Я хотела представиться просто по имени, но, вспомнив, что я бабушка, сказала церемонно:
– Наталья Евгеньевна, хотя, по имени-отчеству меня никто не называл, кроме зятя.
Когда мы подъехали к парадной, Владимир Иванович что-то застеснялся.
– Как-то неудобно так к вам, да еще с собакой, ваш муж…
– Муж, муж, – ворчливо ответила я, – у меня такой же муж, как у вас жена, – нет его. Зато у меня двое охламонов-детей и внук Ромочка. Но сейчас дома никого нет, так что проходите.
Под внимательным взглядом соседки тети Дуси мы пронесли коляску к лифту, втиснулись в него всей компанией и приехали на наш шестой этаж. Кавардак, который мои дети устроили в квартире, собираясь в гости, не поддается описанию. В их комнате валялись вперемешку игрушки, Лизкина косметика и колготки. На кухне в раковине была горой свалена грязная посуда. Эта дрянь не удосужилась ее помыть за целый день. И в довершение всего в ванной на стиральной машине валялся использованный внуком памперс и сильно вонял. Ну, устрою я Лизавете!
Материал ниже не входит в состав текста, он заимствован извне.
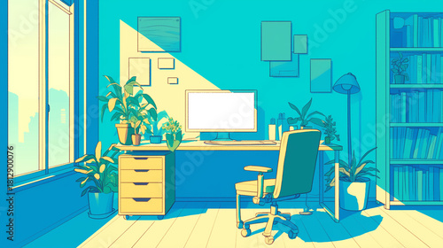 落ち着いた空間でデジタル作業を行う人物のイラスト|在宅ワーク、遠隔授業、PC利用、現代的生活シーンを描いたフリー素材に最適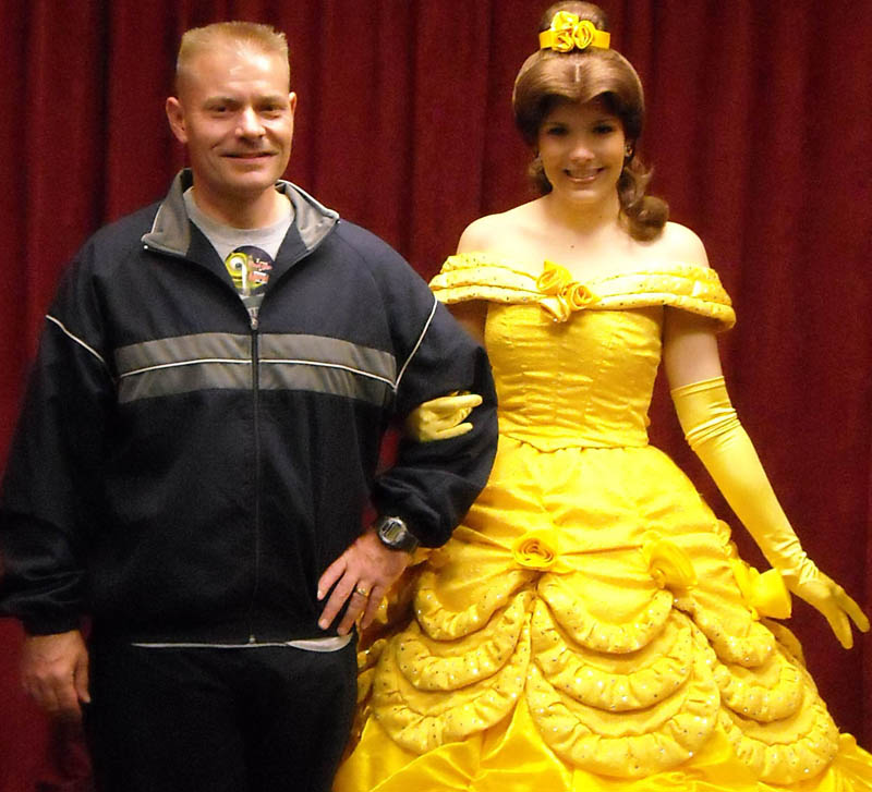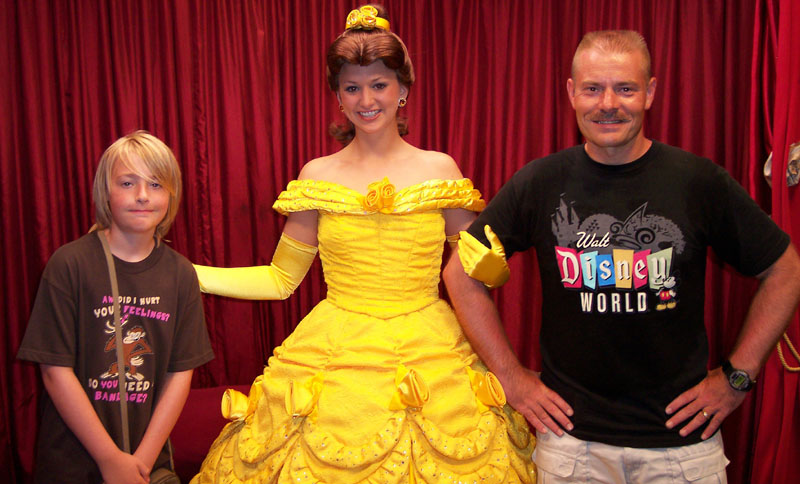 Beauty & the Beast. However, the costume people at the theme parks have chosen for Belle to make most of her appearances in her common apparel, despite the fact that the opposite convention is employed in the cases of Princess Aurora & Cinderella. Belle does ma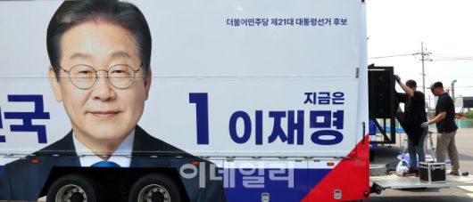 [이데일리 방인권 기자] 제21대 대통령 선거 공식 선거운동을 하루 앞둔 11일 경기도 양주시의 한 차량광고업체에서 관계자들이 이재명 더불어민주당 대통령 후보 선거운동 유세차량을 제작하고 있다.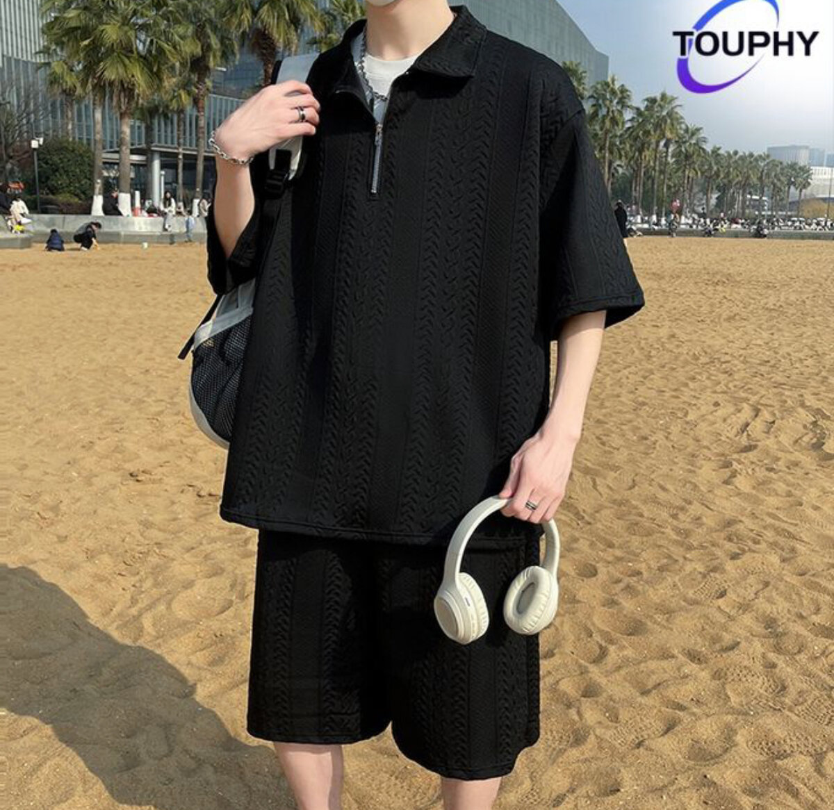 Optez pour cet ensemble décontracté noir avec fermeture éclair. Confortable et tendance, il est idéal pour une journée à la plage ou une sortie décontractée. Fabriqué en matériaux doux, il assure un confort optimal. La tenue parfaite pour un look moderne et stylé.

Владимир Иванович, однако, особого изумления не выказал, подхватил свою таксу на руки и отправился в ванную мыть ей лапы и животик. Я успела выбросить благоухающий памперс, а сама занялась внуком – вытащила его из коляски, развернула, переодела, достала рожок с Лизкиным сцеженным молоком и накормила. После того как мы привели в порядок каждый своего ребенка, у меня появилась возможность заняться моим гостем. Руку ему я забинтовала слишком сильно, но он терпел и не возражал. Пока я возилась на кухне, начерно разгребая завал с посудой, Владимир Иванович не стоял над душой, а попросил у меня отвертку и за пятнадцать минут починил это чертово колесо. Такса Рома шумно осваивалась в нашей квартире, успела спереть у внука погремушку и стянуть покрывало с кровати.
Благородные дети оставили мне в холодильнике полбанки абрикосового джема. Печенье я принесла с собой. Больше в доме еды не было – после Валерика, как я уже говорила, в холодильник можно не заглядывать. Но раз я позвала человека на кофе, то обедом его угощать не обязана.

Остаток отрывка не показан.